Burma

Top Govt Official Downplays al-Qaeda Threat to Burma

By The Irrawaddy 5 September 2014

RANGOON — The President’s Office says there is no need to worry after al-Qaeda leader Ayman al-Zawahri announced the formation of a new al-Qaeda branch in the Indian subcontinent to help persecuted Muslims in the region, listing Burma among the places that the group is setting its sights on.

In a 55-minute video posted online, Zawahri described the formation of “Al Qaeda in the Indian Subcontinent” as good news for oppressed Muslims “in Burma, Bangladesh, Assam, Gujarat, Ahmedabad, and Kashmir.”

“We need to treat that news with caution as it can raise doubts and lead back to conflicts. I would like to ask [people] not to be too worried,” said Zaw Htay, director of Burma’s President’s Office, on his Facebook page under the name Hmuu Zaw.

The Burmese government for years has recognized Burma as a potential terrorist target, Zaw Htay continued, saying the country’s security apparatus had put in place measures to safeguard Burma from such an occurrence. Those preparations are ongoing, he added.

“Particularly, Burma has been cooperating in establishing an international early warning system to exchange and share the activities of terrorist organizations,” read the Facebook post.

Zawahri’s announcement has brought speculation about the implications for the government of India’s new Prime Minister Narendra Modi, who has been accused of failing to stand up for the rights of Muslims in the Hindu-majority nation. India put several states on heightened alert on Thursday in the wake of Zawahri’s video, which was posted online Wednesday.

An al-Qaeda regional presence could also represent a challenge to the government of Burma’s President Thein Sein, which has been condemned by human rights groups that allege systematic discrimination against Burma’s Muslim minority. Rohingya Muslims in western Arakan State have been a particular focus of human rights groups and international media coverage, but the Burmese government has frequently downplayed the issue.

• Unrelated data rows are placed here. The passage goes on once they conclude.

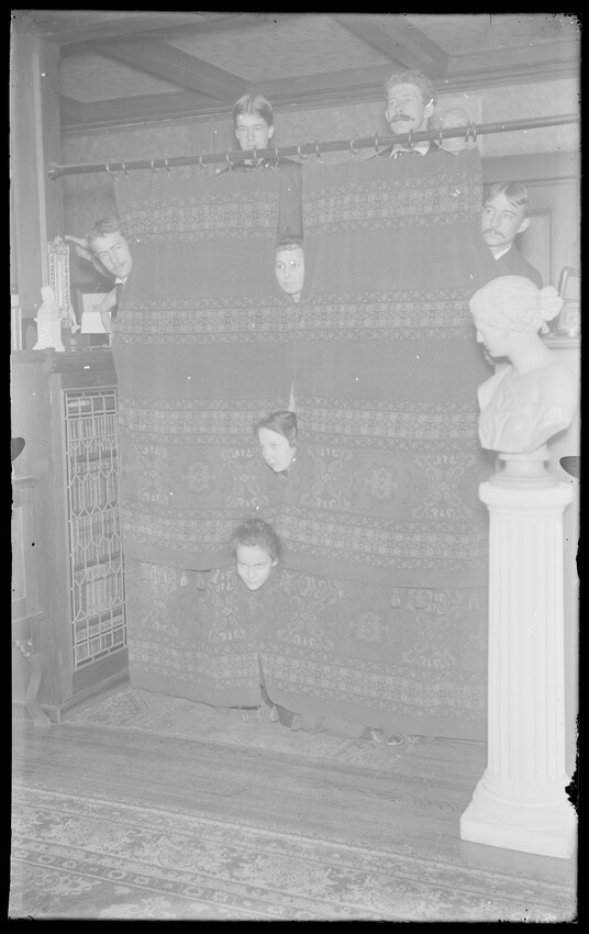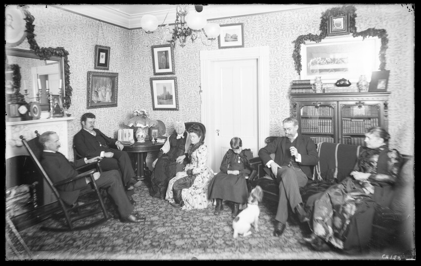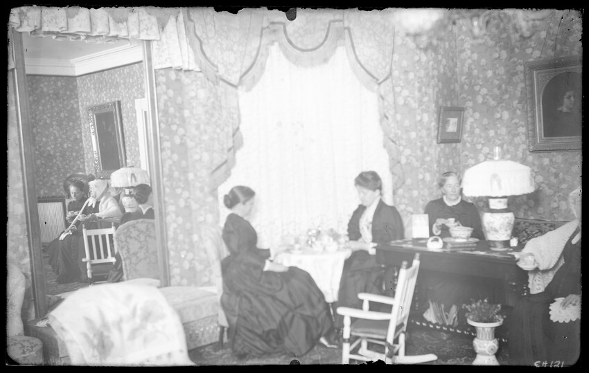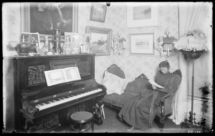 Study with bookcases, sofa, man, woman, and children on lap, CH90-B Three women and baby on porch, CH91-B Three women with baby, CH92-B Woman reading to another woman at table in corner of parlor, CH93-B Group of people seated at table, eating, CH94-B Corner of parlor looking into another room; piano, pictures, and books, CH95-B Three children in room with bed and crib, CH96-B Cluttered parlor, books, flowers, paintings, and tapestry, CH97-B Room with desk and table, group of people talking, and woman with fan, CH98-B Group of people seated at set table with food, CH99-B Group of people seated at table, eating, CH100-B Group of people seated at table, eating, CH101-B Group of people seated at table, eating, CH102-B Group of people playing cards, CH103-B Child in fur-lined carriage near fireplace, CH104-B Shadyside library, southwest corner, CH105-B Shadyside Christmas tree, CH106-B Shadyside parlor, G.C. gifts, CH107-B Studio, shadyside, girl with hat sitting in front of curtain, CH108-B Library, shadyside, northeast corner, CH109-B Man and woman reading in room with books, table, and chairs, CH110-B Room with table set with wine bottle and glasses, decanter, and pictures on mantle, CH111-B Room with wicker chairs, bookcase, and woman at desk, CH112-B Dining room with set table, sideboard, and rack with dishes, CH113-B Room with books, chairs, windowseat with banjo, tea set, and woman with teacup, CH114-B View from hallway into two rooms, dining room and study, CH115-B Library window, Grace Chandler, and Bessie Milthum, CH116-B Bedroom with three girls on bed, washstand, CH118-B Bedroom with three girls on bed, washstand, CH119-B People poking their heads through curtain, statue, [possibly shadyside studio], CH120-B Four women having tea at table with lamp and their reflection in a mirror, CH121-B Corner of room, frilly lamp, ornate chair, painting, and objects on mantle, CH122-B Parlor with family gathered and dog, CH123-B Couple with baby near table with lamp, books, and photos, CH124-B Three dolls on rocking chair, CH125-B Parlor with piano, woman reading, CH126-B Woman with child and doll in crib, bureau, and pictures, CH127-B Woman and two boys on sofa in corner of room with paintings, CH128-B Couple in room, man reading at desk, and woman at table with flowers, CH129-B Group of people seated at table set with decanters and wine glasses, CH130-B Musicians play, observed by group, room with chandelier, CH131-B Room with desk, showing entry stairs, CH132-B Room with desk, fireplace, and tigerskin rug, CH133-B Small dining area, table, fireplace, and sideboard, CH134-B Interior of a church, showing pews and windows, CH135-B Nursery, bare room with toys on mantel; two girls, two women, and man, CH136-B Room with tables covered with books, plants, piano, and wall covered with pictures, CH137-B Corner of library showing bookcases, statues, and clocks, CH138-B Girl standing at top of steps, wallpaper, CH139-B String quintet playing in room with bookcases, CH140-B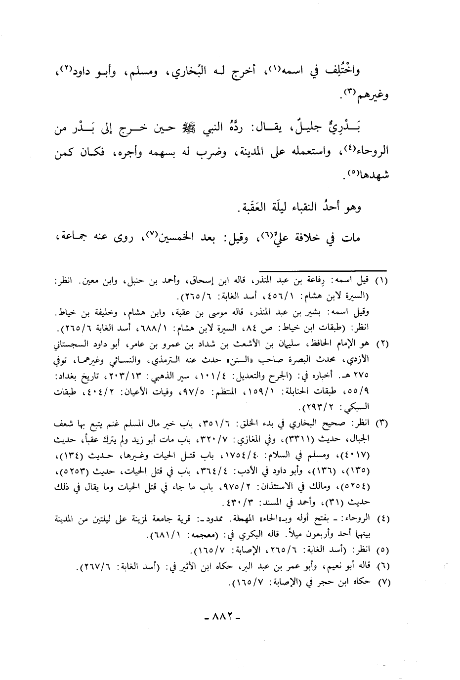 (¬1) قيل اسمه: رِفاعة بن عبد المنذر، قاله ابن إسحاق، وأحمد بن حنبل، وابن معين. انظر: (السيرة لابن هشام: 1/ 456، أسد الغابة: 6/ 265).
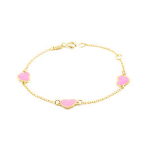 Pulsera Niña Oro Amarillo 9K Esmalte Corazón Rosa Brillo 14 cm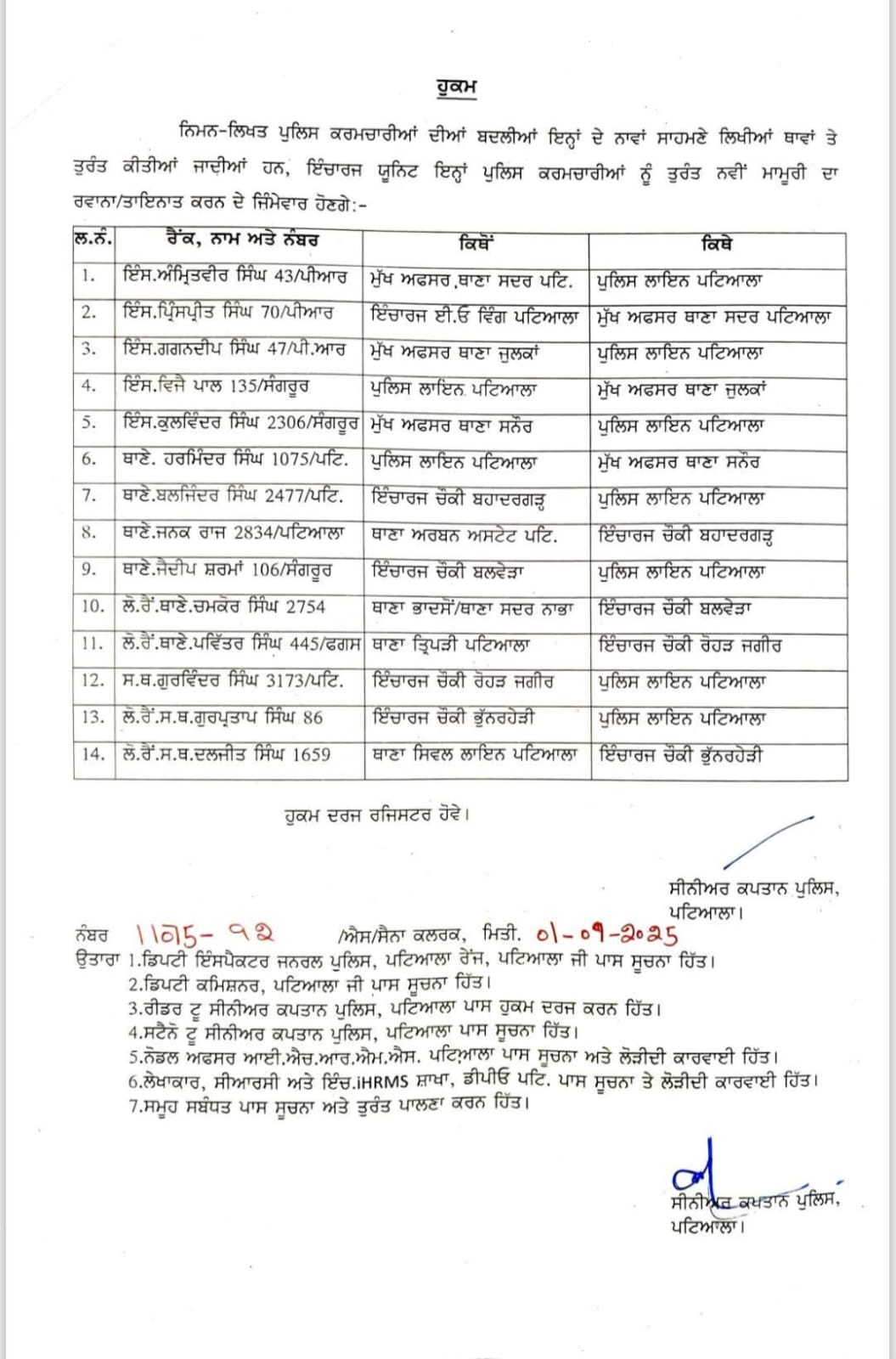 ਪੰਜਾਬ ਪੁਲਿਸ ਦੇ 5 ਇੰਸਪੈਕਟਰਾਂ ਸਮੇਤ 14 ਮੁਲਾਜ਼ਮਾਂ ਦਾ ਤਬਾਦਲਾ, ਪੜ੍ਹੋ ਲਿਸਟ All Latest NewsNews FlashPunjab News September 1, 2025 Media PBN Staff Punjab News; ਪੰਜਾਬ ਪੁਲਿਸ ਦੇ 5 ਇੰਸਪੈਕਟਰਾ ਸਮੇਤ 14 ਮੁਲਾਜ਼ਮਾਂ ਦਾ ਤਬਾਦਲਾ ਕੀਤਾ ਗਿਆ ਹੈ। ਹੇਠਾਂ ਪੜ੍ਹੋ ਲਿਸਟ

“At this particular time, hate speech could lead to widespread bloodshed. I would like to seriously urge caution because I don’t want to see violence here due to the words of Zawahri, who has fled for his life from US forces,” read his post.

Zawahri was the late al-Qaeda leader Osama bin Laden’s deputy, and took over the organization’s leadership following the United States’ assassination of the latter in May 2011. Washington has offered a reward of up to US$25 million for information leading to the arrest of the al-Qaeda chief.